INFORMATION PROVIDED:
========================

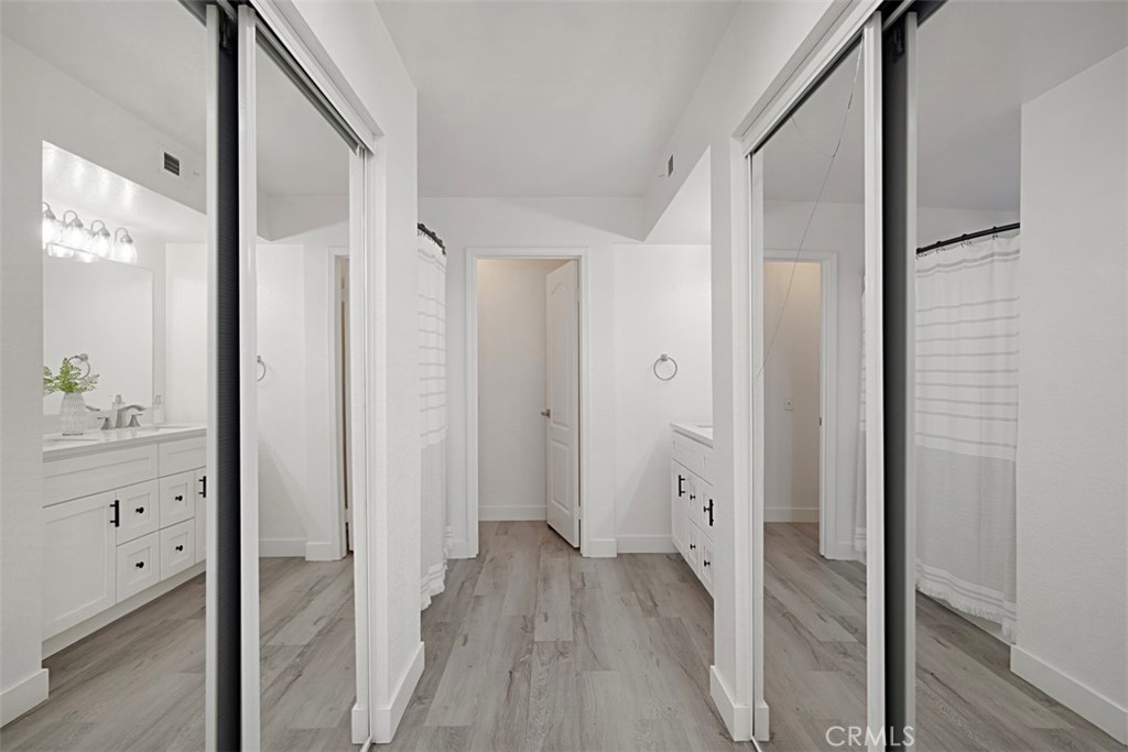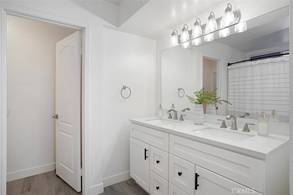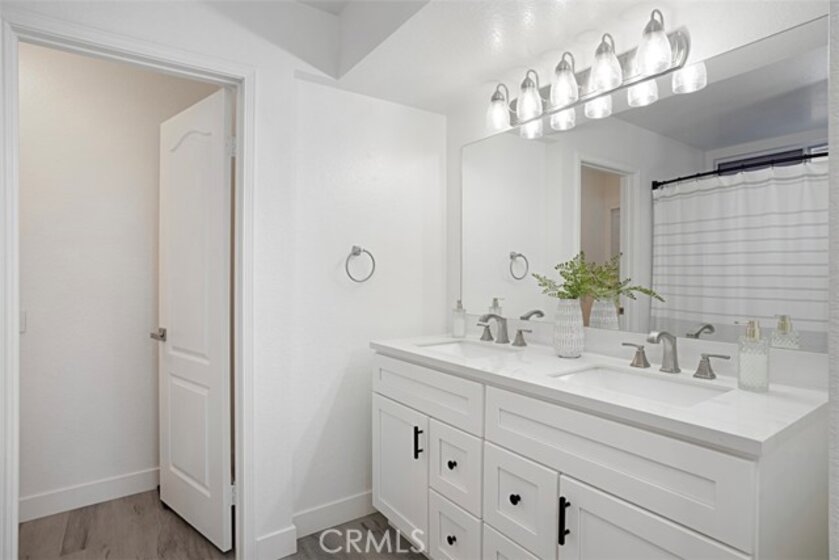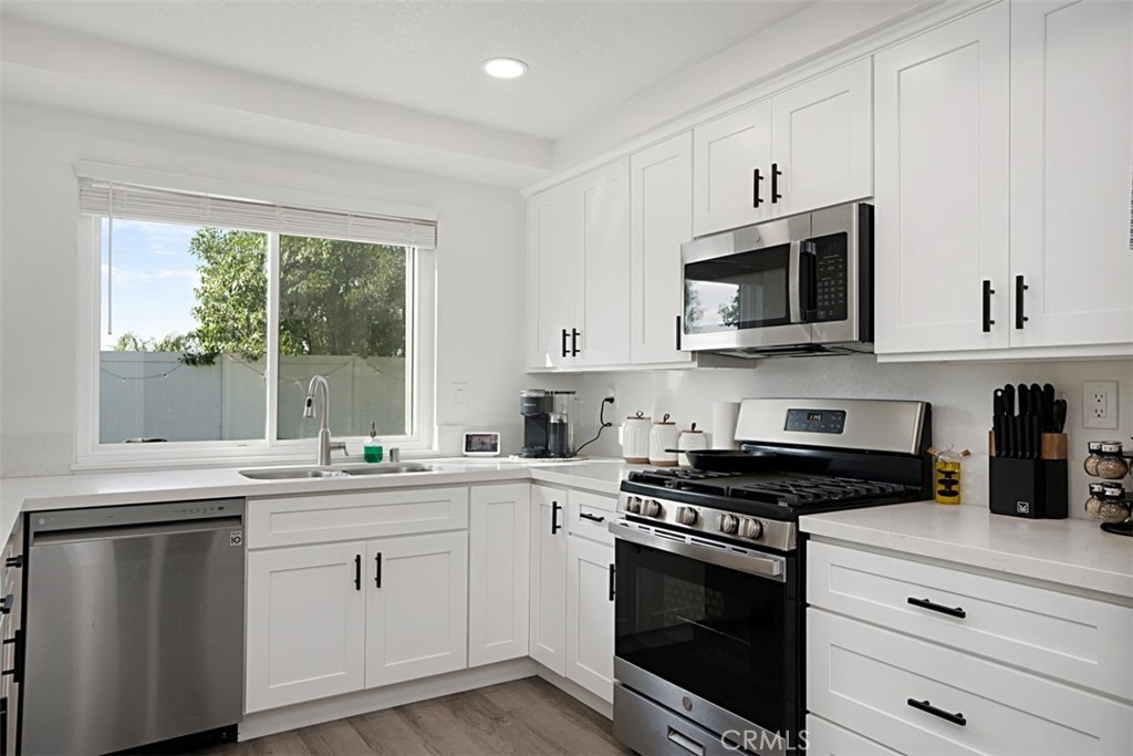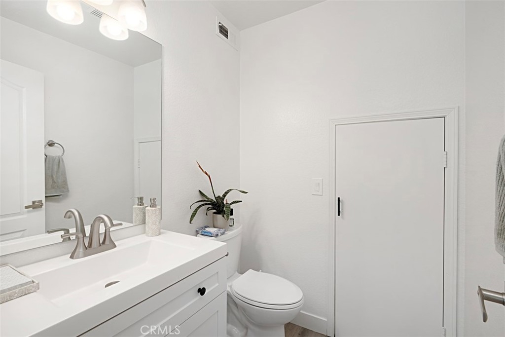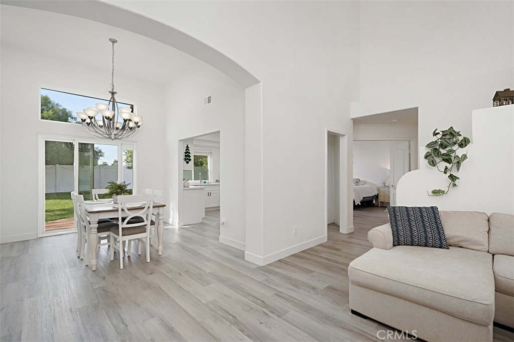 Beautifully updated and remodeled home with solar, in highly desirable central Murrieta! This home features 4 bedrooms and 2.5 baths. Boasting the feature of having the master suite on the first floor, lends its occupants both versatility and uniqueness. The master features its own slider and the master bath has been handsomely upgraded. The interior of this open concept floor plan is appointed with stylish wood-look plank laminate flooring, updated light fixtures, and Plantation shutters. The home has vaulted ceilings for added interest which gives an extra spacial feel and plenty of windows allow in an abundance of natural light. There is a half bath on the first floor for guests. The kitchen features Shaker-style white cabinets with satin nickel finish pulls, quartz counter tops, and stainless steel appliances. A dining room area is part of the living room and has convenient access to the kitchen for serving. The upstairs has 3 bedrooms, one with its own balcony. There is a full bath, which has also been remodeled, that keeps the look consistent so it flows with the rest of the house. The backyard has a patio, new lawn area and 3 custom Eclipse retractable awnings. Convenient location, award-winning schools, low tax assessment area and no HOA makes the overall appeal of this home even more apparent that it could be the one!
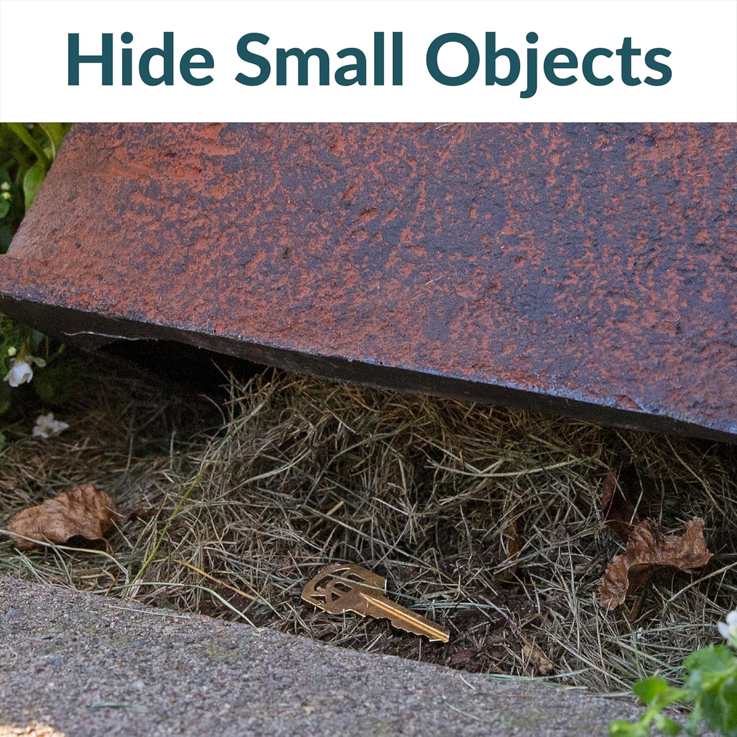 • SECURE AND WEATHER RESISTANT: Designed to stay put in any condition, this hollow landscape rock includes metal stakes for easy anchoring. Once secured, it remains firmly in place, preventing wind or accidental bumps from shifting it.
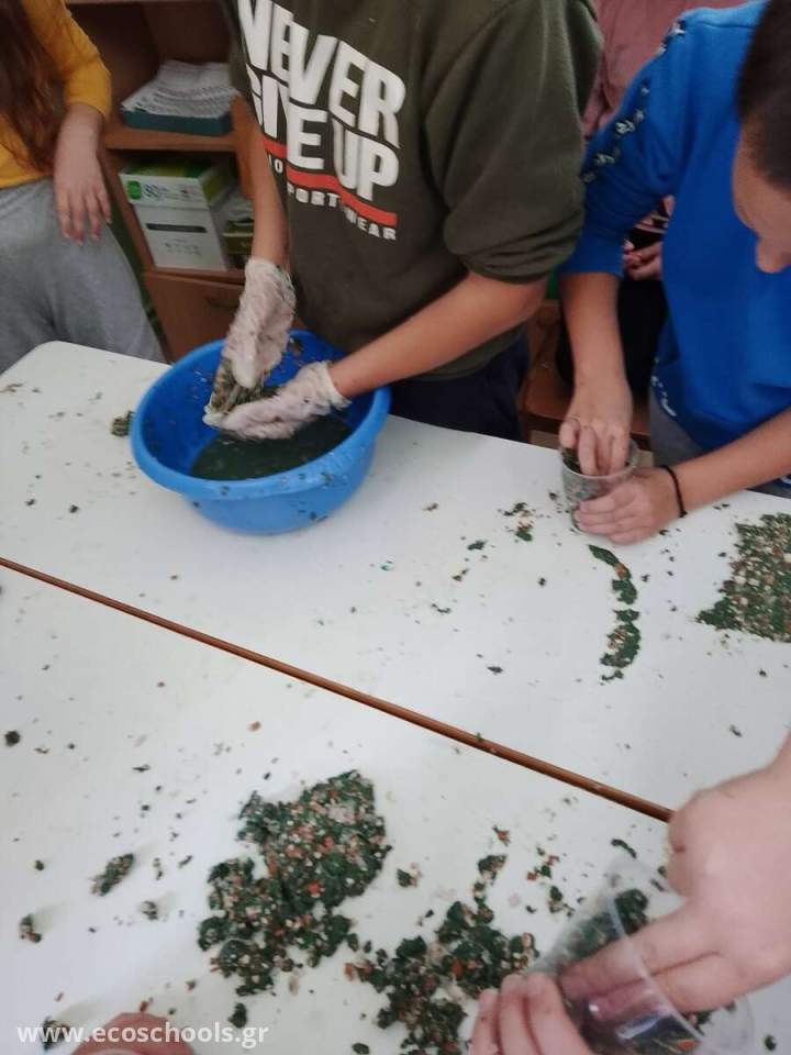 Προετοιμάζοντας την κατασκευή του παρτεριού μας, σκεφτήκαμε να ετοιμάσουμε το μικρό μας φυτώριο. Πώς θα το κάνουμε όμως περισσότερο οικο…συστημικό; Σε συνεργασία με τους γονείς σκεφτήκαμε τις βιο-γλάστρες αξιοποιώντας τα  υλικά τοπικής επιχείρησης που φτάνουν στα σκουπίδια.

========================

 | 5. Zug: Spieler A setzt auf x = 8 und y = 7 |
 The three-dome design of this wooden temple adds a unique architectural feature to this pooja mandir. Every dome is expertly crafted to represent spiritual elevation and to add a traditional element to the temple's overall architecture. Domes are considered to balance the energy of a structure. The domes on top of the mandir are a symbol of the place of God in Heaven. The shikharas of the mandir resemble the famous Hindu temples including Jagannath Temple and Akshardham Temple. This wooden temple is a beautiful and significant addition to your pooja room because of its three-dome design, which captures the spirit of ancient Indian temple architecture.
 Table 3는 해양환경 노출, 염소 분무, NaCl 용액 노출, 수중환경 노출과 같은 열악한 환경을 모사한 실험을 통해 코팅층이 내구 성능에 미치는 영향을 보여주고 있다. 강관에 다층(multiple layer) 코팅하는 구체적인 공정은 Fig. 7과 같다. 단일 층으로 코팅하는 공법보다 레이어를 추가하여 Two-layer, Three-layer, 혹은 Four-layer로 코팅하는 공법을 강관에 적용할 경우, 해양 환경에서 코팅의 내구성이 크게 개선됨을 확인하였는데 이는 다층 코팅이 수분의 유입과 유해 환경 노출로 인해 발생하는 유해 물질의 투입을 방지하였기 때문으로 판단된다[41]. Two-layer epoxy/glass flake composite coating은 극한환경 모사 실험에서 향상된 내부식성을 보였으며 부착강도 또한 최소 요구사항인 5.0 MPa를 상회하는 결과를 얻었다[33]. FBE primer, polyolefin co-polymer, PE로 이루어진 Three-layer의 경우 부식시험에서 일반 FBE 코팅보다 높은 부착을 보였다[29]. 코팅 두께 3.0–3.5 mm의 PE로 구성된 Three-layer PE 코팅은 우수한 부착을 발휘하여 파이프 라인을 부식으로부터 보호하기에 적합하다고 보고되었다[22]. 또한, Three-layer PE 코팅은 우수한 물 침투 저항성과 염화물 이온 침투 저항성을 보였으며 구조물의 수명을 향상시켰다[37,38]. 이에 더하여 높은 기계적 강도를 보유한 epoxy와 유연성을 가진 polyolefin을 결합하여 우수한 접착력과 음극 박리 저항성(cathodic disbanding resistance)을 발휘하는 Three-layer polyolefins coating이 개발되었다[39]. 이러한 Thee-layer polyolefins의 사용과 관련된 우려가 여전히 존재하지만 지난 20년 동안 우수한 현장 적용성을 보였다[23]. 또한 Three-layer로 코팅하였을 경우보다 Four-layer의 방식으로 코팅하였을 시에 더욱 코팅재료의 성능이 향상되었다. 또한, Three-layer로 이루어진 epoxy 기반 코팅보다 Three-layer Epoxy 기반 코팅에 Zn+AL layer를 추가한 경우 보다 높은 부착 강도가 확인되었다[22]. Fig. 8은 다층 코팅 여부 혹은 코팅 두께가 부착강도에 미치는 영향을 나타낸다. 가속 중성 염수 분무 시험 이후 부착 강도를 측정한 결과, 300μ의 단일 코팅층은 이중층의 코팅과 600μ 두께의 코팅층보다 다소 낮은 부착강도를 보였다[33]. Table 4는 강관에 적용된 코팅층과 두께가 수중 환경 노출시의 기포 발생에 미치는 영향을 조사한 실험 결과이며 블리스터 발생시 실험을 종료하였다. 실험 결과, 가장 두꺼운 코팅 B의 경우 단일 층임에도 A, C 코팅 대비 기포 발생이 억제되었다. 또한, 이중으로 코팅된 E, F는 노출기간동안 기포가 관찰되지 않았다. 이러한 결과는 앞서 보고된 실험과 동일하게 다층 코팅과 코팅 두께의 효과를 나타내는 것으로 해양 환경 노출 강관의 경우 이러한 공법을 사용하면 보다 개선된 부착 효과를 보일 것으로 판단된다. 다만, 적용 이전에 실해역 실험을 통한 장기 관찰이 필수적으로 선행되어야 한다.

========================

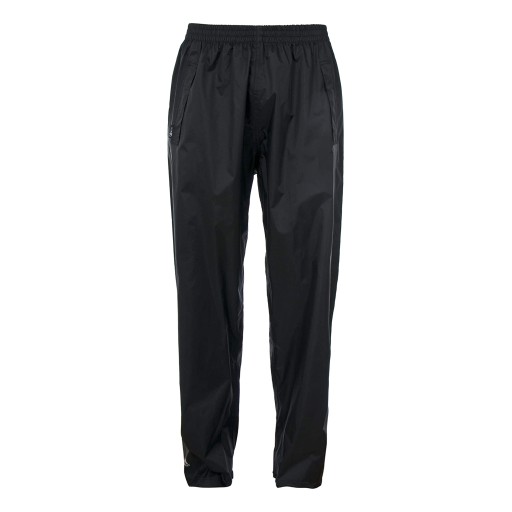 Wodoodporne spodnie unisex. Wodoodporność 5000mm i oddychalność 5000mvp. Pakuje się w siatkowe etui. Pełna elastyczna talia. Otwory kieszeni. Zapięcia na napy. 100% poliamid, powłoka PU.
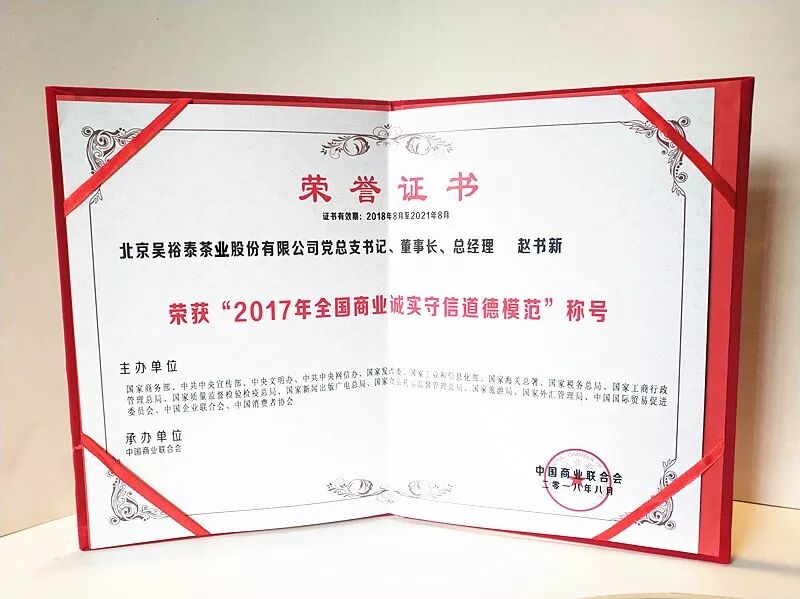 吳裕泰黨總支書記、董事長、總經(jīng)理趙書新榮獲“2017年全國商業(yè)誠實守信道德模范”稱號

========================

Give back exactly, and solely, the section of the data above bounded by the line containing "Wodoodporne spodnie unisex." and the line containing "吳裕泰黨總支書記、董事長、總", both bounding lines included and pictures omitted.

RESPONSE TO THIS TASK:
 Wodoodporne spodnie unisex. Wodoodporność 5000mm i oddychalność 5000mvp. Pakuje się w siatkowe etui. Pełna elastyczna talia. Otwory kieszeni. Zapięcia na napy. 100% poliamid, powłoka PU.
 吳裕泰黨總支書記、董事長、總經(jīng)理趙書新榮獲“2017年全國商業(yè)誠實守信道德模范”稱號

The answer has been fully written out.